[Start of section]

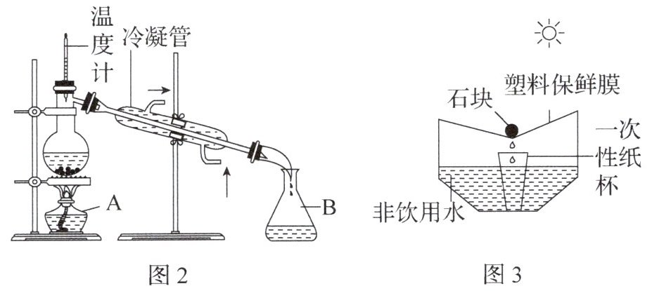实验室用蒸馏法获得蒸馏水,如图 2 所示。某同学利用蒸馏的原理设计野外饮用水简易净化装置,对非饮用水经阳光暴晒后进行净化,如图 3 所示。请结合装置图回答下列问题。
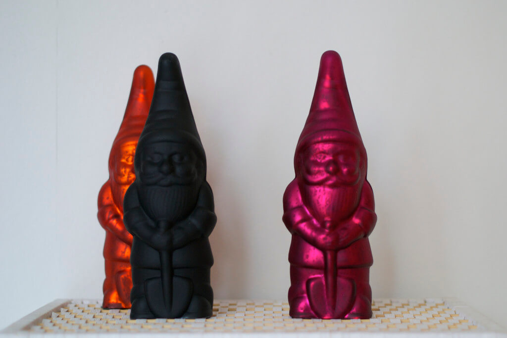 Tre små tomtar i granen svingar mellan ljus och änglavingar.
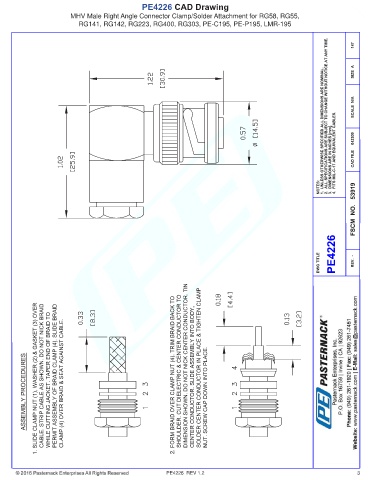 PE4226 CAD Drawing MHV Male Right Angle Connector Clamp/Solder Attachment for RG58, RG55, RG141, RG142, RG223, RG400, RG303, PE-C195, PE-P195, LMR-195 PE4226 REV 1.2 3
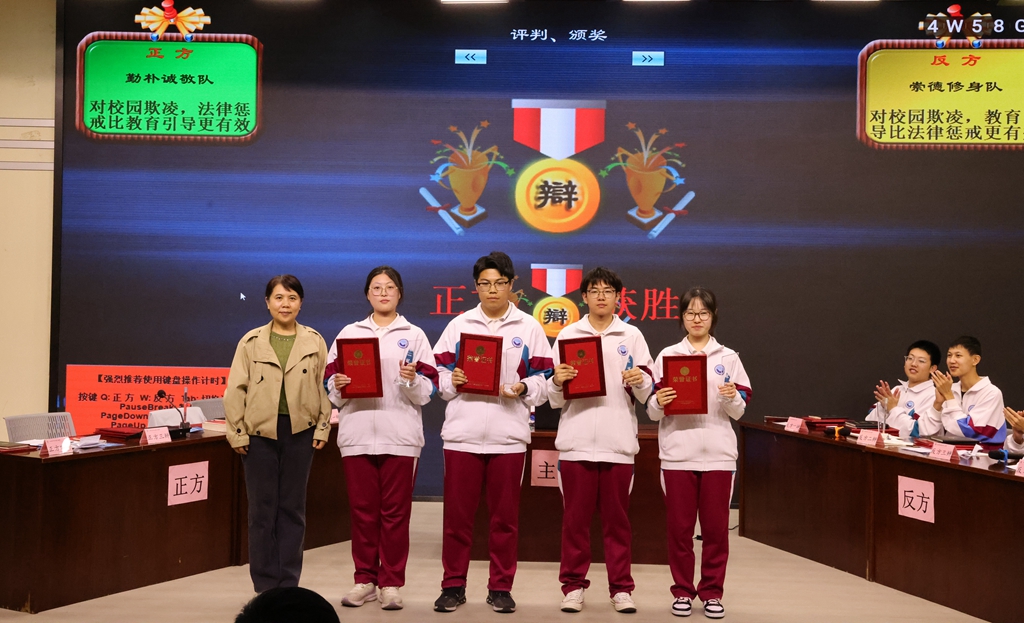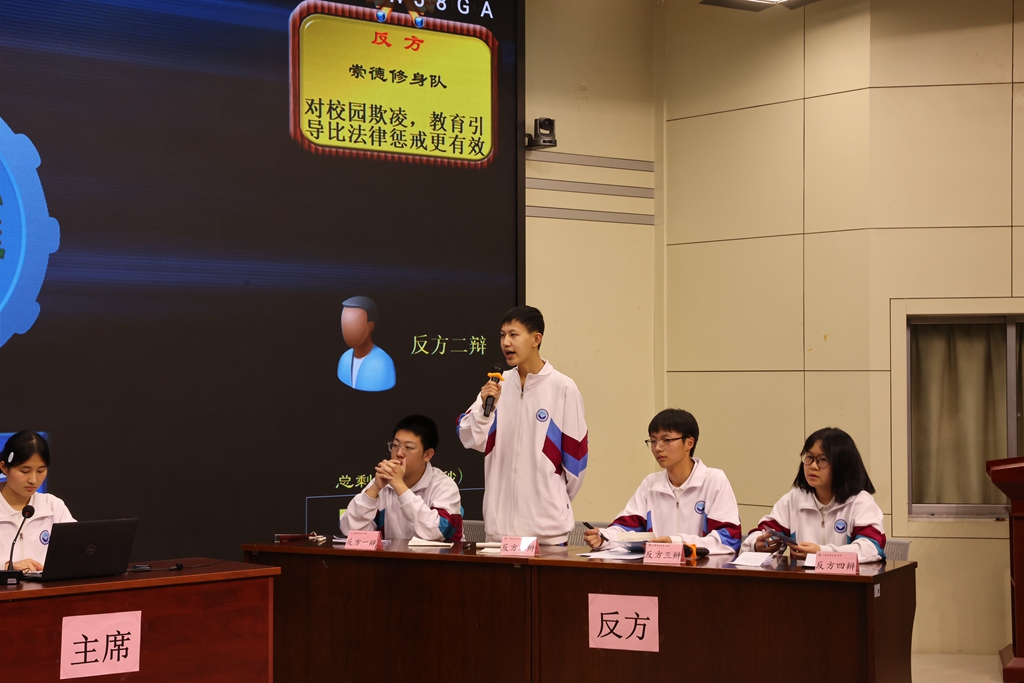 本次决赛辩题由学校法学社拟定,聚焦“校园欺凌治理中法律惩戒与教育引导的有效性”,正反双方展开巅峰对决。正方辩手耿铭涛、许文博、张若怡、薛瑞丰与反方辩手黄建国、李学瑞、张振轩、孙梦楠,凭借扎实的积累、敏捷的思维,在立论、驳论、自由辩论环节你来我往、针锋相对。他们引经据典、结合实际,既坚守自身立场,又精准捕捉对方逻辑漏洞,言辞犀利却不失理性,从容应对中尽显活跃的思辨能力与良好的表达素养,现场掌声不断。

[End of section]

**WHAT NEEDS TO BE DONE**
Write out each line of the listing above, exactly, from its first line to the line holding "Tre små tomtar", inclusive. Skip the pictures.

**FINISHED EXERCISE**
实验室用蒸馏法获得蒸馏水,如图 2 所示。某同学利用蒸馏的原理设计野外饮用水简易净化装置,对非饮用水经阳光暴晒后进行净化,如图 3 所示。请结合装置图回答下列问题。
 Tre små tomtar i granen svingar mellan ljus och änglavingar.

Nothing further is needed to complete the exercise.